Eric Behl-Remijan is a partner in the tax practice, based in New York. Eric’s practice focuses on corporate, international and partnership tax matters, as well as domestic and international mergers and acquisitions and restructurings. 

He represents public companies and private equity sponsors in complex domestic and cross-border joint ventures, mergers, acquisitions, and divestitures. The clients he advises include high-profile corporations in healthcare, media, and financial industries where tax efficiency is an integral part of a comprehensive investment strategy.

Prior to joining Ropes & Gray, Eric was a partner at another leading global law firm.
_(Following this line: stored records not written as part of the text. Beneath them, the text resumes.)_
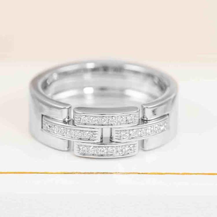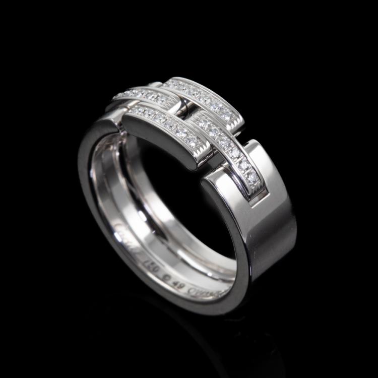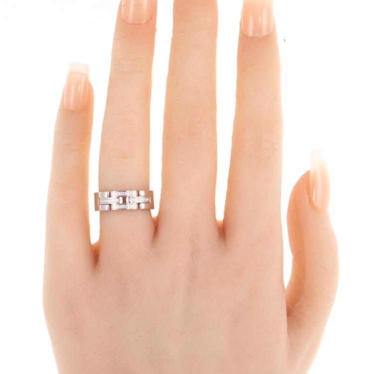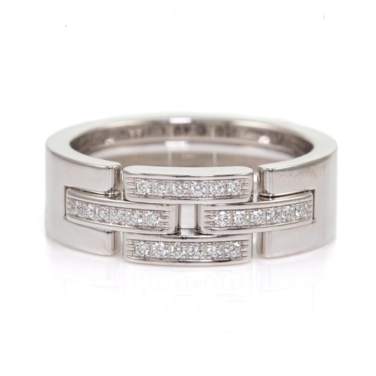 Cartier Maillon Panthere Diamond ring with natural Diamonds totalling approximately 0.12cts. 18ct white gold. Stamped size 49, J1/2 - ring resizing is not recommended. Band width: 6mm. Weight: 7.9g. With Cartier box and Certificate. (Pre-owned)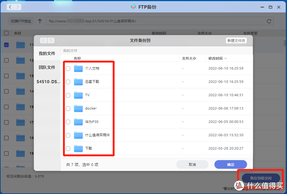 当然,FTP备份这个套件目前只是解决了有和无的问题,在功能性上还是不如群晖的HyperBackup、威联通的HBS3等软件,只能实现从旧NAS到极空间的单向导入,也只支持FTP协议,并且无法设置备份的计划任务。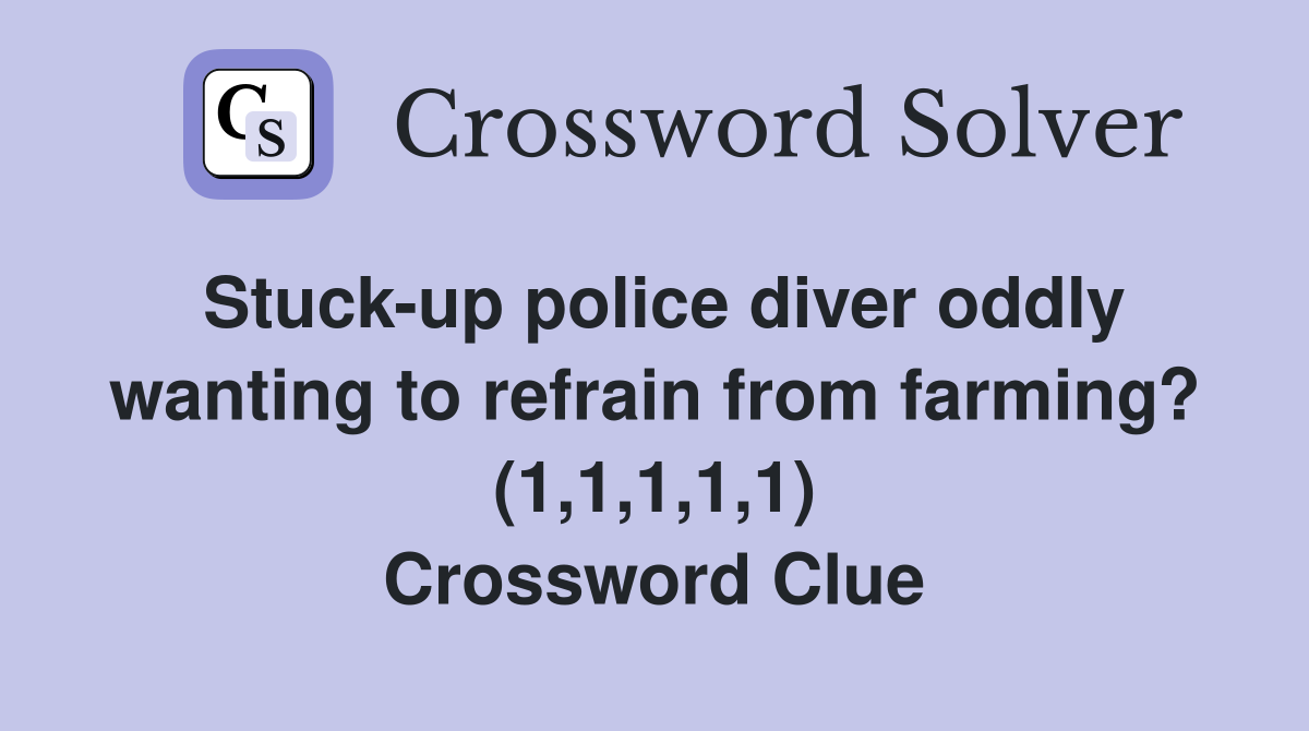 Stuckup police diver oddly wanting to refrain from farming? (1,1,1,1,1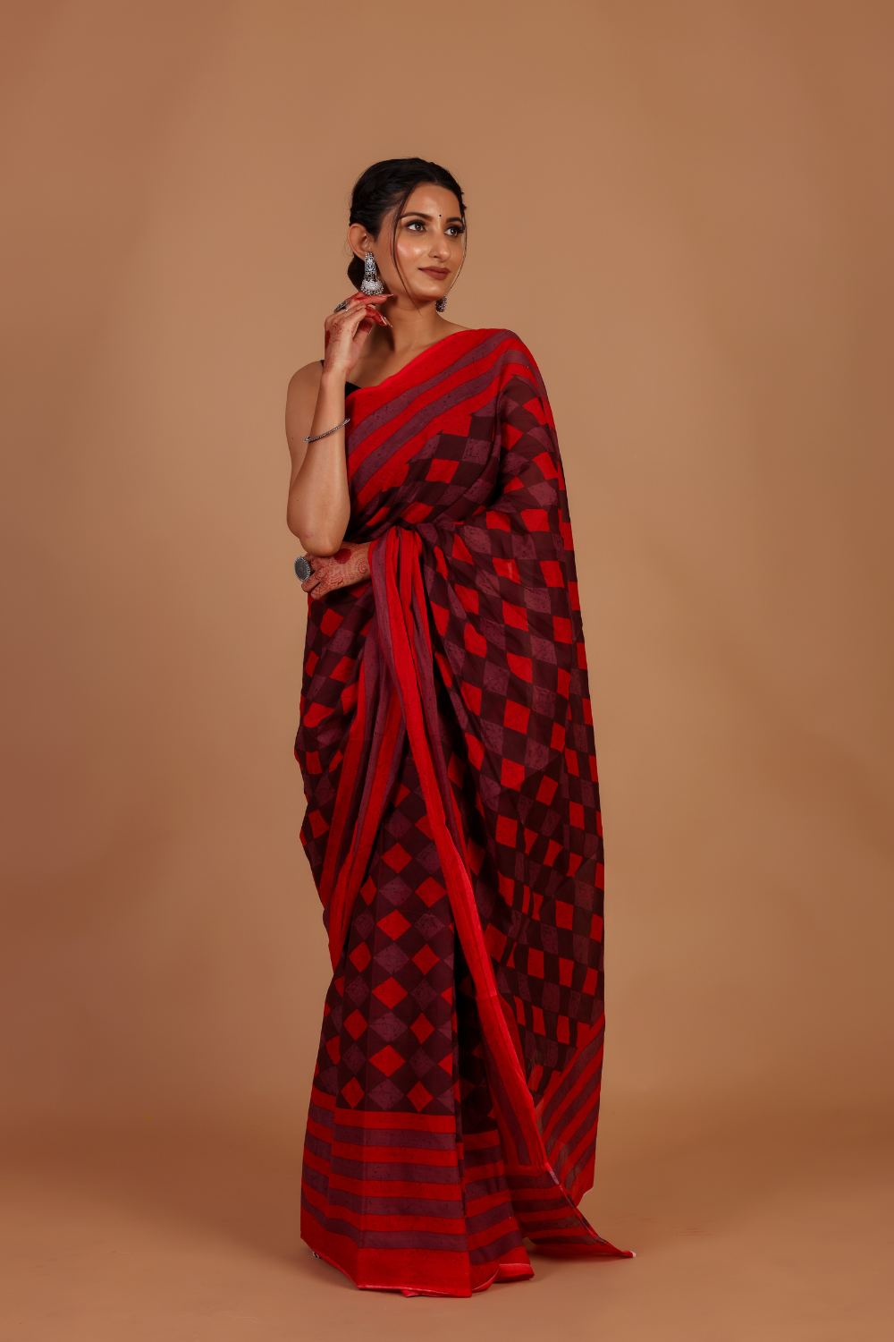 This bold and stylish red cotton saree features a striking geometric pattern in shades of deep red and black. The contrasting red border adds a vibrant touch, while the lightweight, breathable cott...

All matters completed prior to joining Ropes & Gray

Mergers and Acquisitions / Private Equity

  • Represented Advent International in numerous transactions, including the $3 billion merger of its portfolio companies Clearent LLC and Transaction Services Group Limited to form Xplor Technologies; and ATI Physical Therapy Holdings, LLC’s $2.5 billion business combination with Fortress Value Acquisition Corp. II, a SPAC sponsored by Fortress Investment Group.
  • Represented Ardian in its acquisition of a majority stake in Florida Food Products, Inc., in a transaction that valued Florida Food at more than $1 billion.
  • Represented Brookfield Asset Management Inc. (renamed Brookfield Corporation) in connection with the spin-off of a 25% interest in its asset management business through a newly listed company, Brookfield Asset Management Ltd., with a market value of more than $50 billion as of the spin-off date; and in its approximately $4.8 billion acquisition of a 61.2% stake in Oaktree Capital Group, LLC.
  • Represented Eli Lilly and Company in numerous transactions, including its $8.2 billion exchange of its approximately 82% remaining interest in Elanco Animal Health Incorporated for Lilly common shares held by its shareholders; and its approximately $8 billion acquisition of Loxo Oncology, Inc.
  • Represented General Electric Capital Corporation in numerous transactions, including its $32 billion sale of its global Commercial Distribution Finance, North American Vendor Finance and North American Corporate Finance platforms to Wells Fargo & Co.
  • Represented Intel Corporation in numerous transactions, including its $16.7 billion acquisition of Altera Corporation.
  • Represented NEOGEN Corporation in its $5.3 billion combination with the Food Safety business of 3M, in a Reverse Morris Trust transaction that implied an enterprise value of the combined company of $9.3 billion.
  • Represented Vonage Holdings Corp. in numerous matters, including its $6.2 billion sale to Telefonaktiebolaget LM Ericsson.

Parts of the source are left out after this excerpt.